[Your assignment]
Where does the word "Figure" show up in the records? Copy every line that holds it.

[Entries provided]

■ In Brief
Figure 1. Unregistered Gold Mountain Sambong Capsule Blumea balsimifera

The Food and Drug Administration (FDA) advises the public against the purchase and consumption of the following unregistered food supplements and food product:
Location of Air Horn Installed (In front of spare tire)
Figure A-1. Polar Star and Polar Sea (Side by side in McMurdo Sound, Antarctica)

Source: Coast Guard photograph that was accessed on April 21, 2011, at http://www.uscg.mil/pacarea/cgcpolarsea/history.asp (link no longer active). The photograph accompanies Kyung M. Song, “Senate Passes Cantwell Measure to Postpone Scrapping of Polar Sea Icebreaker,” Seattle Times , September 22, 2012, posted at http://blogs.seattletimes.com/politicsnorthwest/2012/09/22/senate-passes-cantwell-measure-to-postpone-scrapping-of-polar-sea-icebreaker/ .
==
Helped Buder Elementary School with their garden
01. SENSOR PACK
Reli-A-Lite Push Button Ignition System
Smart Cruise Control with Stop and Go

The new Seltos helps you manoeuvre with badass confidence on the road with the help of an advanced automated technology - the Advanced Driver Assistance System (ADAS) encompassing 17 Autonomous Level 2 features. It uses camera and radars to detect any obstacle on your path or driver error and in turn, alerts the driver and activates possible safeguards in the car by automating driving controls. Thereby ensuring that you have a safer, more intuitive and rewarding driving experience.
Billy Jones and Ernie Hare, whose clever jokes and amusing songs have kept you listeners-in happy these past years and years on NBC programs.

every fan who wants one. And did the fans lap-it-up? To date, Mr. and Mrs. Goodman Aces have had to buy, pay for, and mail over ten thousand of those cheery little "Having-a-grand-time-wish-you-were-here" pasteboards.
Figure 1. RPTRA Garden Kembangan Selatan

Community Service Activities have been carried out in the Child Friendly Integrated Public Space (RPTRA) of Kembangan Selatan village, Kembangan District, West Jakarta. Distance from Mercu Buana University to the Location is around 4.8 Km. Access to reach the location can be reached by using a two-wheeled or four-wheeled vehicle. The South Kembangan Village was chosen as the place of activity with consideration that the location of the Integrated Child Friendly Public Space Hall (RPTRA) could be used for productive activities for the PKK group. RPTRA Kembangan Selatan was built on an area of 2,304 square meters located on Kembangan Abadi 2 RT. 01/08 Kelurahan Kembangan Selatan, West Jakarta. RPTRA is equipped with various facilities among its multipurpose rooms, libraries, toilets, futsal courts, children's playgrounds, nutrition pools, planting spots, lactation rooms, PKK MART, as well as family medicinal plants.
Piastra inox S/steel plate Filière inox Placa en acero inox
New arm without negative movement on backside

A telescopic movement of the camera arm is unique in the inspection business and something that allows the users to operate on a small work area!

[Solution]
Figure 1. Unregistered Gold Mountain Sambong Capsule Blumea balsimifera
Figure A-1. Polar Star and Polar Sea (Side by side in McMurdo Sound, Antarctica)
Figure 1. RPTRA Garden Kembangan Selatan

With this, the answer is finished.